Preventive measures:

  1. Baseline monitoring. Every key metric (record counts by program, state, sample flag) is now compared against the prior quarter's values. Deviations greater than 5% trigger a warning; deviations greater than 15% halt the pipeline.
  2. Impact analysis for upstream changes. Any change to programs that feed the canonical extract now requires sign-off from the reporting team.
  3. End-to-end test with production data. Each quarter, a dry-run extract is produced one week before quarter-end using production data through the prior month. This catches logic errors before the real deadline.
  4. Sample population reconciliation. A new validation step independently calculates the expected sample population from the eligibility database and compares it against the canonical extract's sample flag counts.

Architecture Diagram

┌─────────────────────────────────────────────────────┐
│                   STAGE 1: EXTRACT                   │
│  DB2 Tables ─┐                                       │
│  VSAM Files ─┼──► CANEXTR Program ──► Canonical GDG  │
│  IMS Segments┘                                       │
└─────────────────────┬───────────────────────────────┘
                      │
┌─────────────────────▼───────────────────────────────┐
│                  STAGE 2: VALIDATE                    │
│  Canonical GDG ──► VALREG Program ──┬─► Clean File   │
│                                     ├─► Error File   │
│                                     └─► Summary Rpt  │
└─────────────────────┬───────────────────────────────┘
                      │
┌─────────────────────▼───────────────────────────────┐
│               STAGE 3: TRANSFORM                     │
│  Clean File ──┬──► OMBXFORM ──► Fixed-Width ASCII    │
│               ├──► GAOXFORM ──► XML                  │
│               └──► CBOXFORM ──► CSV                  │
└──────┬──────────────┬──────────────┬────────────────┘
       │              │              │
┌──────▼──────┐ ┌─────▼─────┐ ┌─────▼──────┐
│  STAGE 4A   │ │ STAGE 4B  │ │ STAGE 4C   │
│  OMB: SFTP  │ │ GAO: C:D  │ │ CBO: API   │
└──────┬──────┘ └─────┬─────┘ └─────┬──────┘
       │              │              │
┌──────▼──────────────▼──────────────▼────────────────┐
│             STAGE 5: CONFIRM & RECONCILE             │
│  Monitor confirmations, handle rejections            │
└─────────────────────────────────────────────────────┘

Key Design Principles

  1. Single canonical extract. One program, one extract, three transformations. Changes to source data affect one program. Changes to agency formats affect one transformation each.

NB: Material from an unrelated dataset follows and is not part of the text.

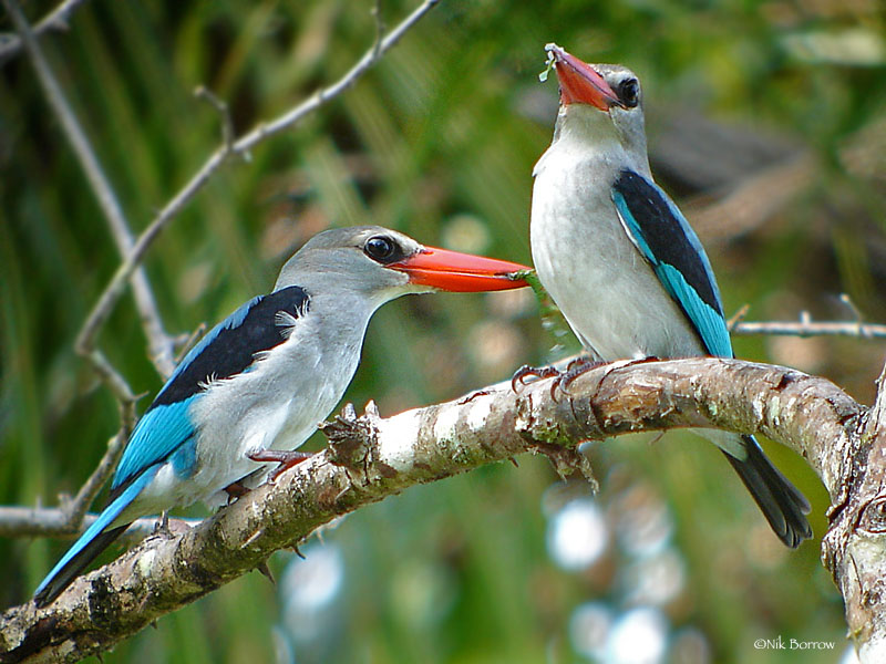 The nests are located most often in a cavity located in a tree. This could be a natural tree cavity, or one created by an unrealted bird such as a woodpecker, but most often it is a burrow that the kingfisher created in termite mound. Not only is a termite nest easy to tunnel into to create a kingfisher nest, the termite nest is fertile which attract grasshoppers and other insect. No nest material is added, although litter may build up over the years. Some species create their nest in terrestrial termite mounds and othes tunnel into earth bankings. Both parents incubate the eggs and feed the chicks. Egg laying is staggered at one-day intervals so that if food is short, only the older, larger nestlings get fed.
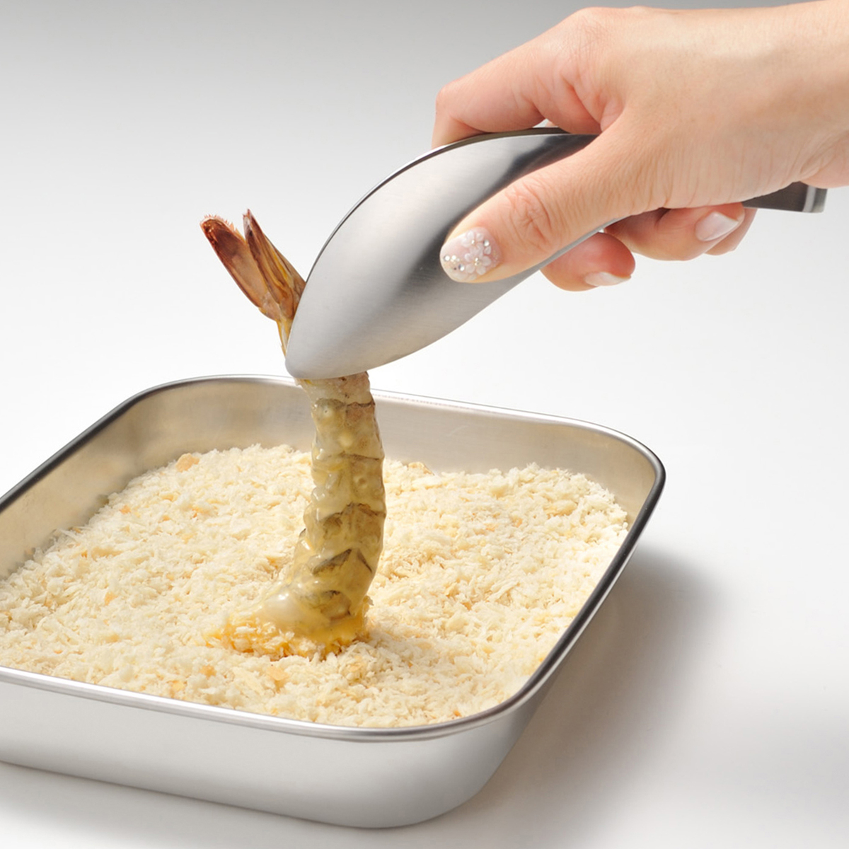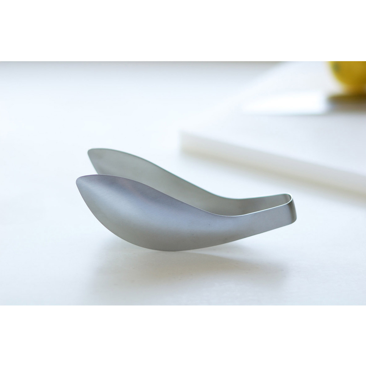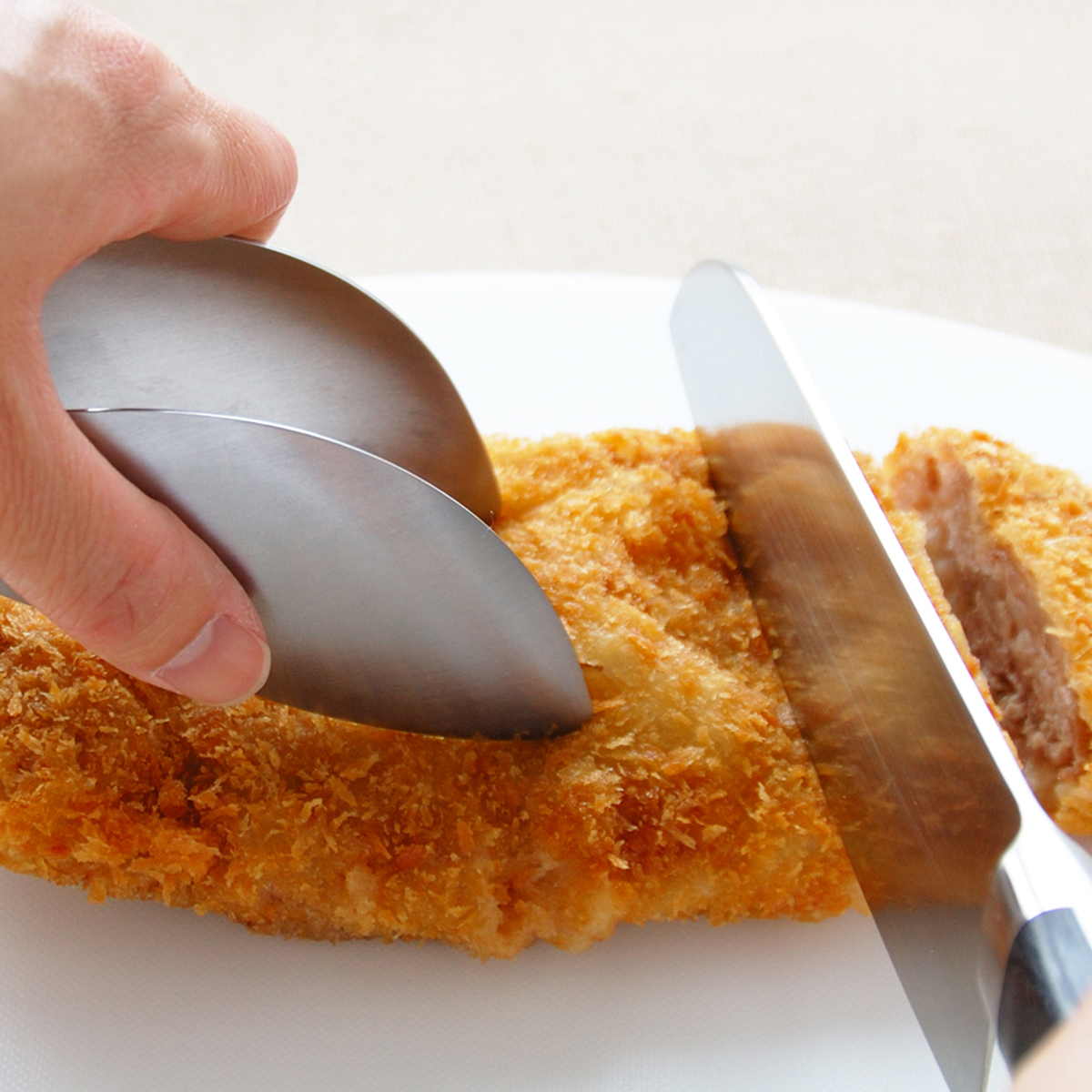 指のかわりに食材をつかんでくれるトング。独自の加工でやわらかなバネ性を持たせ、自分の指のような感覚で自然に使えます。また、逆さにして置けば、先端が浮く設計で、テーブルに付かないのもポイントです

  2. GDG everything. Every intermediate file uses GDGs. When GAO rejected Q3-2025 and Sandra needed to regenerate, the canonical extract was still available in the GDG. No need to re-extract from production.

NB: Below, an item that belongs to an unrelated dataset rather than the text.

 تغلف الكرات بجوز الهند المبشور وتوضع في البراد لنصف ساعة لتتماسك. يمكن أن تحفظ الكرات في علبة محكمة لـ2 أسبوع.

  3. Validation before transformation. Bad data is caught once, in one place, before it propagates to three different output formats.

  4. Independent delivery paths. Each agency's delivery is a separate job step. If SFTP to OMB fails, Connect:Direct to GAO still proceeds. Failures are isolated.

  5. Baseline monitoring. The Q3-2025 incident taught Sandra that correctness validation alone isn't enough. Completeness validation — comparing against expected baselines — catches a class of errors that record-level rules miss.

Discussion Questions

  1. Marcus chose STRING-based XML generation over IBM's XML GENERATE. Under what circumstances would XML GENERATE be the better choice? What are the tradeoffs?

  2. The CBO API integration requires synchronous HTTP calls from COBOL. What are the failure modes of this approach, and how would you design for resilience? Consider: CBO API downtime, network timeouts, rate limiting, and authentication token expiration.

  3. Sandra's team has ten business days from quarter-close to final delivery. If you could redesign the pipeline to produce all three reports in five business days, what changes would you make?

  4. The Q3-2025 incident was caused by an upstream change impacting downstream reporting. How would you formalize the dependency management between the eligibility system and the reporting pipeline? Consider both technical and process solutions.

  5. FBA serves 4.2 million beneficiaries. If that number doubles to 8.4 million over the next decade, which stages of the pipeline will hit scalability limits first? What architecture changes would you make proactively?